Exercise objective: Only one stretch of the listing below is wanted: the line with "パッケージをスリムなデザイン" and all lines after it. Reproduce that stretch exactly.

=== Begin Enclosure ===

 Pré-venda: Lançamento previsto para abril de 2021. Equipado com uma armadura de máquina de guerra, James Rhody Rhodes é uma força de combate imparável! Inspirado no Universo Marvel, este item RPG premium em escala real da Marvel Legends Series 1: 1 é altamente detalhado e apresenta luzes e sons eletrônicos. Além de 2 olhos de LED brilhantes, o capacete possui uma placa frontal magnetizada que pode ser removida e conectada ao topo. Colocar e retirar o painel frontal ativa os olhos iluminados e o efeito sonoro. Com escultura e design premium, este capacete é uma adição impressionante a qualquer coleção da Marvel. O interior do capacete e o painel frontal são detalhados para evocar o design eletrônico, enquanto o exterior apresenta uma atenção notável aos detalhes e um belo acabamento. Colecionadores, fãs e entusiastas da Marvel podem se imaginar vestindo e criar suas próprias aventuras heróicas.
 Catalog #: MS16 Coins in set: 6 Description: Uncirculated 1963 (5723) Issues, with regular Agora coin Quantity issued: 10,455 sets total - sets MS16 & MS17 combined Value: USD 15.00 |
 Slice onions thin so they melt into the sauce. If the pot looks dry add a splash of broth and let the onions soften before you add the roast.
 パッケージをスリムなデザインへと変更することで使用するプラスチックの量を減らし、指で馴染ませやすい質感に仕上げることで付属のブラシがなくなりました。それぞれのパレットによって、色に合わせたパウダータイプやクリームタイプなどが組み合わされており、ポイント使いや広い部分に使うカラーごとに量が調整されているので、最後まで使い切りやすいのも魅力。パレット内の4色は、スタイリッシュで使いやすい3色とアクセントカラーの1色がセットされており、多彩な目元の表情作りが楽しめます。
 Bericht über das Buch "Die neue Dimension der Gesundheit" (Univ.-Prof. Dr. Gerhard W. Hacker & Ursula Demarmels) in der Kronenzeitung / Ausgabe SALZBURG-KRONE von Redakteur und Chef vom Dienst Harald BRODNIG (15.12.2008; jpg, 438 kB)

=== End Enclosure ===

Task answer:
 パッケージをスリムなデザインへと変更することで使用するプラスチックの量を減らし、指で馴染ませやすい質感に仕上げることで付属のブラシがなくなりました。それぞれのパレットによって、色に合わせたパウダータイプやクリームタイプなどが組み合わされており、ポイント使いや広い部分に使うカラーごとに量が調整されているので、最後まで使い切りやすいのも魅力。パレット内の4色は、スタイリッシュで使いやすい3色とアクセントカラーの1色がセットされており、多彩な目元の表情作りが楽しめます。
 Bericht über das Buch "Die neue Dimension der Gesundheit" (Univ.-Prof. Dr. Gerhard W. Hacker & Ursula Demarmels) in der Kronenzeitung / Ausgabe SALZBURG-KRONE von Redakteur und Chef vom Dienst Harald BRODNIG (15.12.2008; jpg, 438 kB)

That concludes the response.